Hi Scott, Any new developments/observations with the mprotect problem? Have you been running with the suggested solution ever since? How about newer kernel, have you tried it? Thanks, --Natalie
My recollection, which is a bit fuzzy, is that I did try a newer kernel (the one in SLES 10). It still didn't work, so I gave up and switched to Solaris. Solaris has no trace of this problem; I've run 35GB heaps without difficulty.

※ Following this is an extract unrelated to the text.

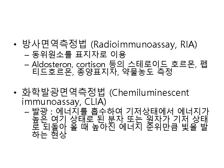 효소면역측정법(Enzyme immunoassay, EIA) – 효소를 표지자로 이용 – 효소 + 기질 반응 – 발색량을 분광광도계로 측정 – Alkaline phosphatase, horseradish peroxidase, B -galactosidase – Homegeneous EIA : enzyme multiplied immunoassay technique(EMIT) – Heterogeneous EIA : • Competitive • Non-competitive – 바이러스 항원, 항체, 종양 표지자 및 각종호르몬 의 측정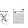 Balon foliowy metalizowany Litera ”X” w kolorze srebrnym, wysokość przed napompowaniem ok. 40 cm (16”), wysokość po napompowaniu ok. 35 cm (14”). Do napompowania powietrzem.

Still causes significant indigestion in 2.6.29rc8
Reply-To: akpm@linux-foundation.org On Tue, 17 Mar 2009 08:47:24 -0700 (PDT) bugme-daemon@bugzilla.kernel.org wrote: > http://bugzilla.kernel.org/show_bug.cgi?id=5493 > > > alan@lxorguk.ukuu.org.uk changed: > > What |Removed |Added > ---------------------------------------------------------------------------- > KernelVersion|2.6.13 |2.6.29 > > > > > ------- Comment #16 from alan@lxorguk.ukuu.org.uk 2009-03-17 08:47 ------- > Still causes significant indigestion in 2.6.29rc8 I don't think we know how to fix this :(
OMG, still open after 4 years :/
I've taken the time to come up with a patch that a) makes the vma prio trees somewhat more reuseable b) Usese a prio tree for the anon_vma lists as well. Timings for the test program provided by the original reporter increase significantly. See http://marc.info/?l=linux-kernel&m=126778234032288&w=2 for the patch.
Thank you!!!!
Updated and fixed patch at: http://marc.info/?l=linux-kernel&m=126847717927202&w=2 http://marc.info/?l=linux-kernel&m=126847735627431&w=2 http://marc.info/?l=linux-kernel&m=126847748527584&w=2
Thanks a lot!
What is the reason for this patch getting so little attention?